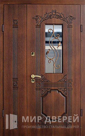 Дверь стальная со стеклом в коттедж №111 идеально подходит для установки в частных домах и коттеджах, предлагая сочетание усиленной безопасности и эстетической привлекательности. Изготовленная из массива дуба как внутри, так и снаружи, эта дверь обладает не только высокой прочностью, но и изысканным внешним видом, который дополнен стеклянными вставками для привнесения большего света в интерьер.
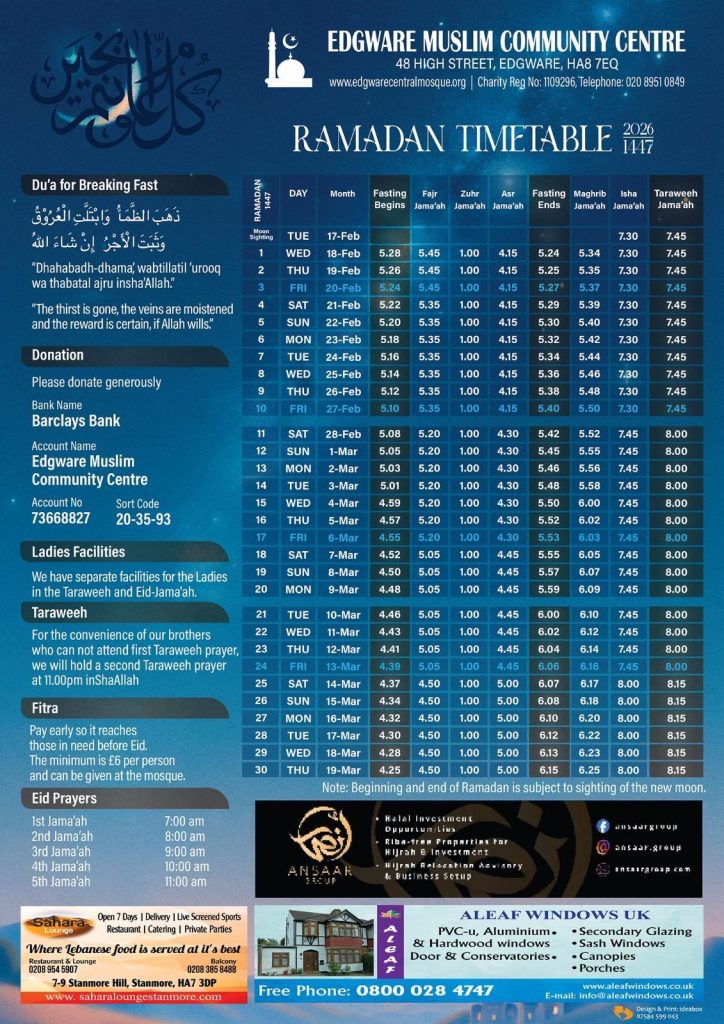 π Click mosques below to view their Ramadan prayer timetable + essential info!
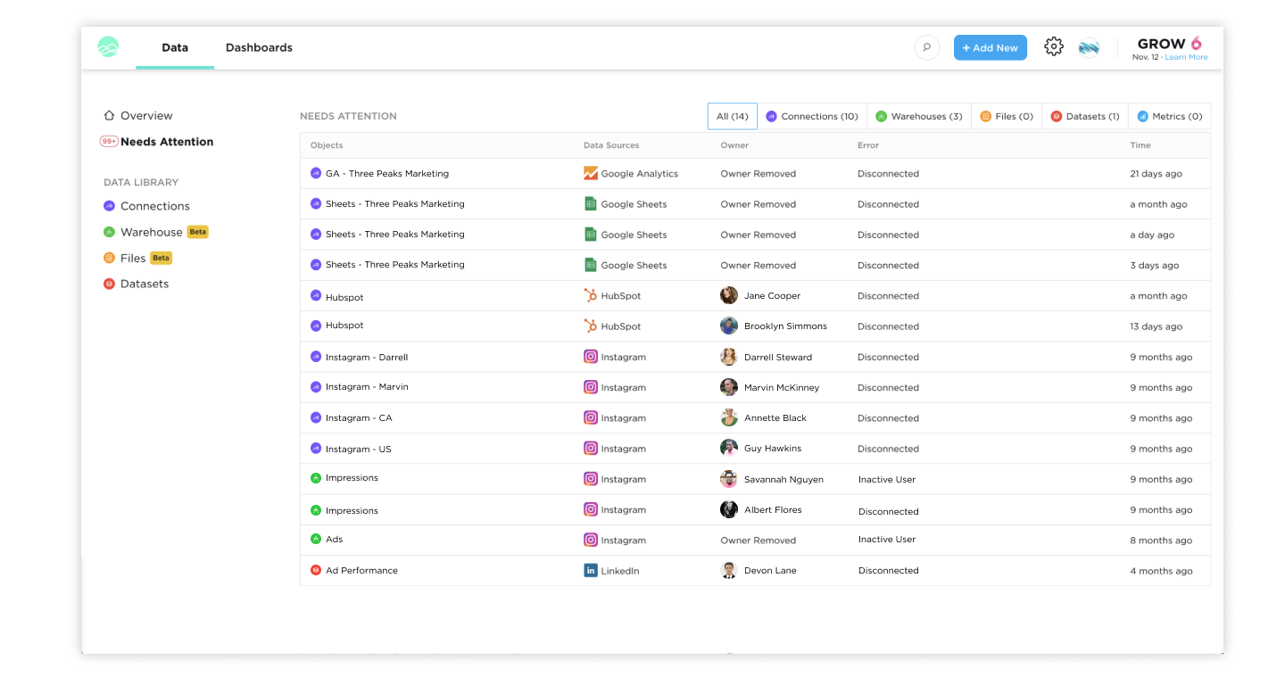 Pulling and getting insights from your data can be complex. When things go wrong, they pop up on the Needs Attention page so you can fix that fast. The Needs Attention page surfaces Connections, Datasets, and Metrics where something went wrong and need an analyst or admin to fix them. Instead of having to hunt through your account by hand as you maintain your data, all the items that need your attention are presented to you.
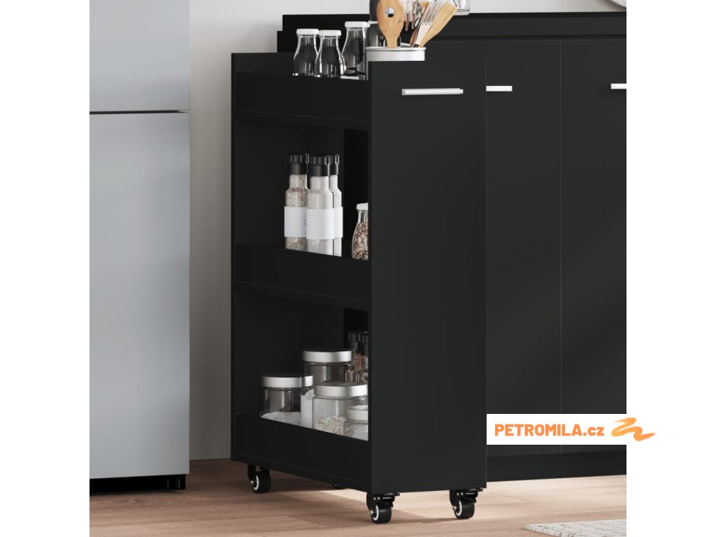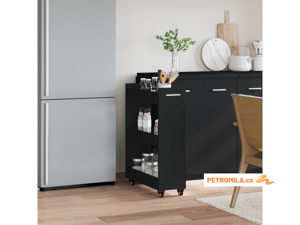 Skříňka na kolečkách černá 60 x 22 x 79 cm kompozitní dřevo
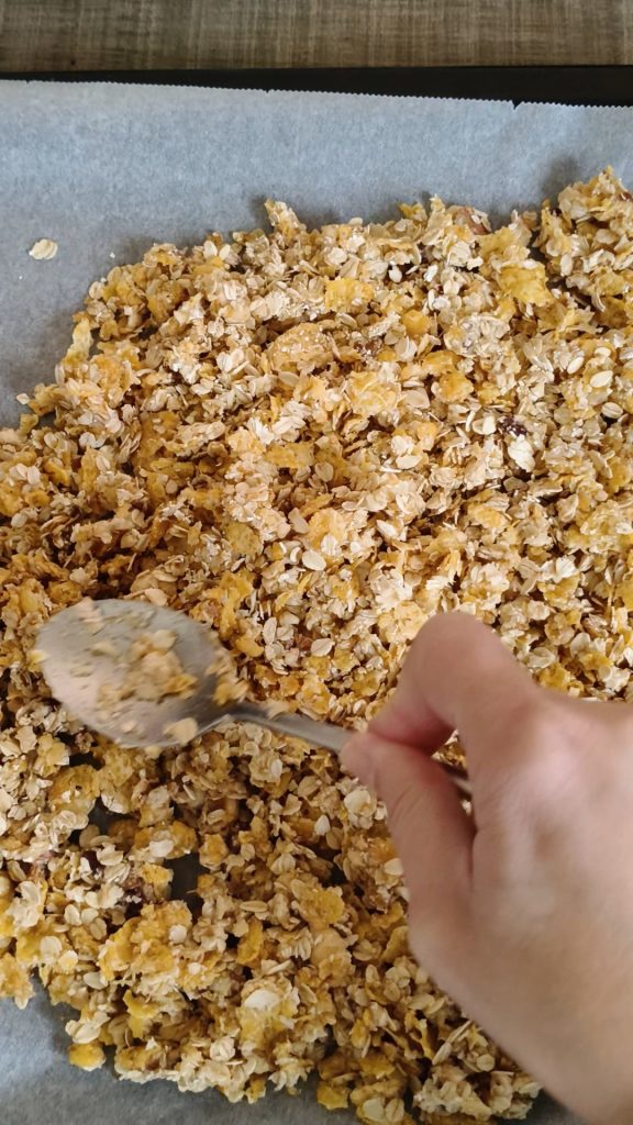 Ausbreiten des Granolas auf einem gelochten Backpapier (oder in einer niedrigen Form, die für die Luftfritteuse geeignet ist) in einer dünnen Schicht — nicht zu kompakt, sonst bleibt die Feuchtigkeit eingeschlossen und trocknet nicht gut.
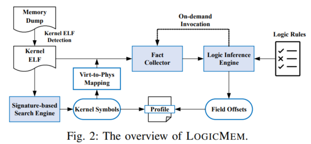 ■ 我们设计和实现了LOGICMEM来展示我们提出的方法的有效性,并在来自主流Linux发行版的16个内存转储和30个使用随机配置构建的内核上进行了评估。评估结果表明,LOGICMEM可以以合理的效率实现100%的精确度和至少95%的召回率。
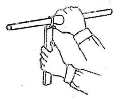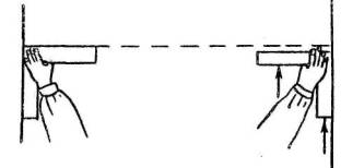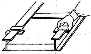 2.11. Работы по подготовке деталей рабочего каркаса выполняют в следующем порядке: насаживают "наездники" на верхнюю полку направляющих профилей (рис. 2); вставляют в них и загибают скобы-подвески. При креплении скобы-подвески ее сгибают под прямым углом, затем заводят под "наездник" конец скобы и загибают его плоскогубцами (рис. 3).
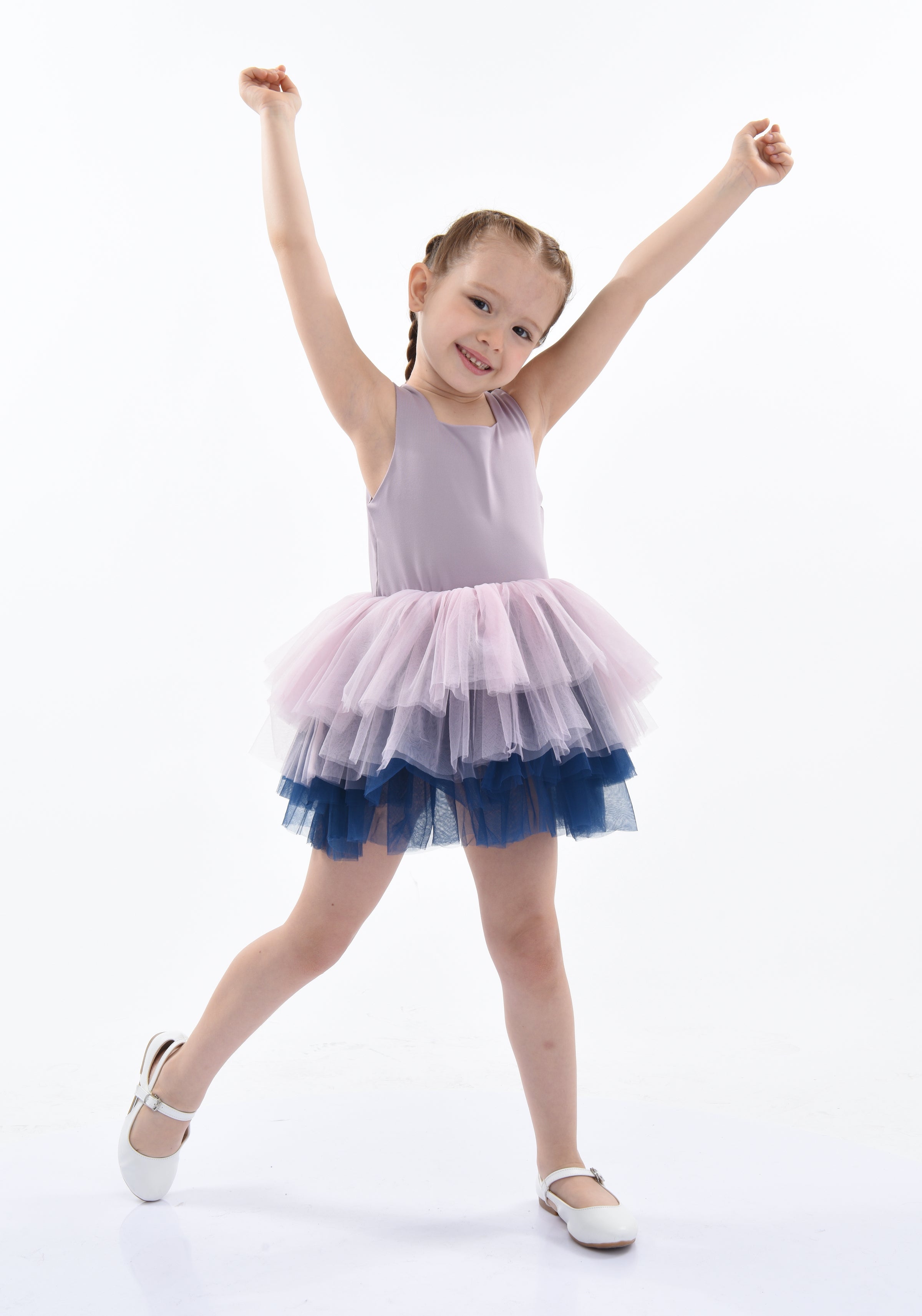 Фиолетовое платье-туту Mia Tutu для девочек от Mimi Tutu. Тонкие рукава, квадратный вырез и несколько слоев легкого пышного тюля с темно-синей подкладкой из тюля.
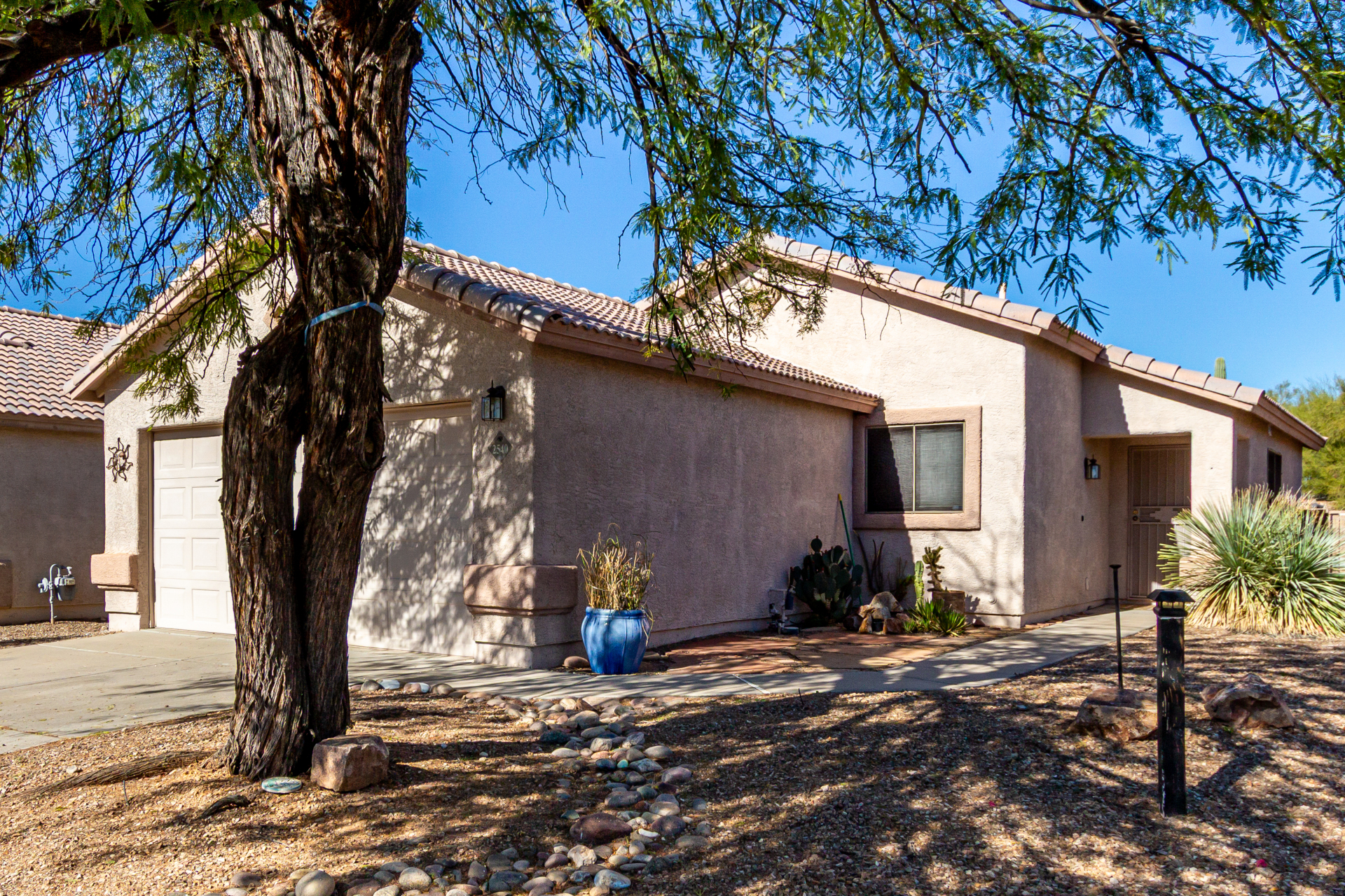 You will instantly love this updated 2 bedroom, 1 bath home in the gated Mona Lisa Community with lovely views! This move-in ready property, updated throughout with new interior paint, stainless steel appliances, gas range with stainless hood, and no carpet. Bright kitchen opens to living area that overlooks the private backyard with covered patio, pavers and turf for enjoying lovely Arizona evenings. Enjoy private location with no homes in the back, storage in the backyard, a durable tile roof, and a 2-car garage. Conveniently located near the YMCA, schools, Foothills Mall, near restaurants and shopping. A fantastic Tucson find!

═══

### [WORK INSTRUCTION]
No pictures go in the copy. Set down all the data exactly.

### [RESULT]
 Дверь стальная со стеклом в коттедж №111 идеально подходит для установки в частных домах и коттеджах, предлагая сочетание усиленной безопасности и эстетической привлекательности. Изготовленная из массива дуба как внутри, так и снаружи, эта дверь обладает не только высокой прочностью, но и изысканным внешним видом, который дополнен стеклянными вставками для привнесения большего света в интерьер.
 π Click mosques below to view their Ramadan prayer timetable + essential info!
 Pulling and getting insights from your data can be complex. When things go wrong, they pop up on the Needs Attention page so you can fix that fast. The Needs Attention page surfaces Connections, Datasets, and Metrics where something went wrong and need an analyst or admin to fix them. Instead of having to hunt through your account by hand as you maintain your data, all the items that need your attention are presented to you.
 Skříňka na kolečkách černá 60 x 22 x 79 cm kompozitní dřevo
 Ausbreiten des Granolas auf einem gelochten Backpapier (oder in einer niedrigen Form, die für die Luftfritteuse geeignet ist) in einer dünnen Schicht — nicht zu kompakt, sonst bleibt die Feuchtigkeit eingeschlossen und trocknet nicht gut.
 ■ 我们设计和实现了LOGICMEM来展示我们提出的方法的有效性,并在来自主流Linux发行版的16个内存转储和30个使用随机配置构建的内核上进行了评估。评估结果表明,LOGICMEM可以以合理的效率实现100%的精确度和至少95%的召回率。
 2.11. Работы по подготовке деталей рабочего каркаса выполняют в следующем порядке: насаживают "наездники" на верхнюю полку направляющих профилей (рис. 2); вставляют в них и загибают скобы-подвески. При креплении скобы-подвески ее сгибают под прямым углом, затем заводят под "наездник" конец скобы и загибают его плоскогубцами (рис. 3).
 Фиолетовое платье-туту Mia Tutu для девочек от Mimi Tutu. Тонкие рукава, квадратный вырез и несколько слоев легкого пышного тюля с темно-синей подкладкой из тюля.
 You will instantly love this updated 2 bedroom, 1 bath home in the gated Mona Lisa Community with lovely views! This move-in ready property, updated throughout with new interior paint, stainless steel appliances, gas range with stainless hood, and no carpet. Bright kitchen opens to living area that overlooks the private backyard with covered patio, pavers and turf for enjoying lovely Arizona evenings. Enjoy private location with no homes in the back, storage in the backyard, a durable tile roof, and a 2-car garage. Conveniently located near the YMCA, schools, Foothills Mall, near restaurants and shopping. A fantastic Tucson find!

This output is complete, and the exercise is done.